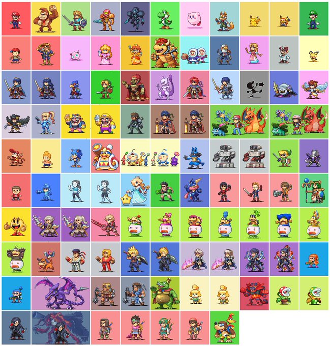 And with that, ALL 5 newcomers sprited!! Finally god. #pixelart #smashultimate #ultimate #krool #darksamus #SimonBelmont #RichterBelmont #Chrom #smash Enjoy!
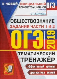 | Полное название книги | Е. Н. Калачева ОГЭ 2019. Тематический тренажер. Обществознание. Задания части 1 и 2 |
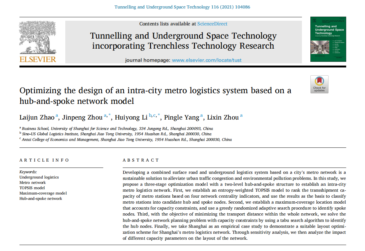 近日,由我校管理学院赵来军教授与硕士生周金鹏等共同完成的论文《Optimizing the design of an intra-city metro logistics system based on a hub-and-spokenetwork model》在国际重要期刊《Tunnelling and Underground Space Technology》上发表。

WORK ITEM:
No pictures go in the copy. Output exactly the lines from the line containing "части 1 и 2 |" through the end of the listing above.

RESULT FOR THIS EXERCISE:
 | Полное название книги | Е. Н. Калачева ОГЭ 2019. Тематический тренажер. Обществознание. Задания части 1 и 2 |
 近日,由我校管理学院赵来军教授与硕士生周金鹏等共同完成的论文《Optimizing the design of an intra-city metro logistics system based on a hub-and-spokenetwork model》在国际重要期刊《Tunnelling and Underground Space Technology》上发表。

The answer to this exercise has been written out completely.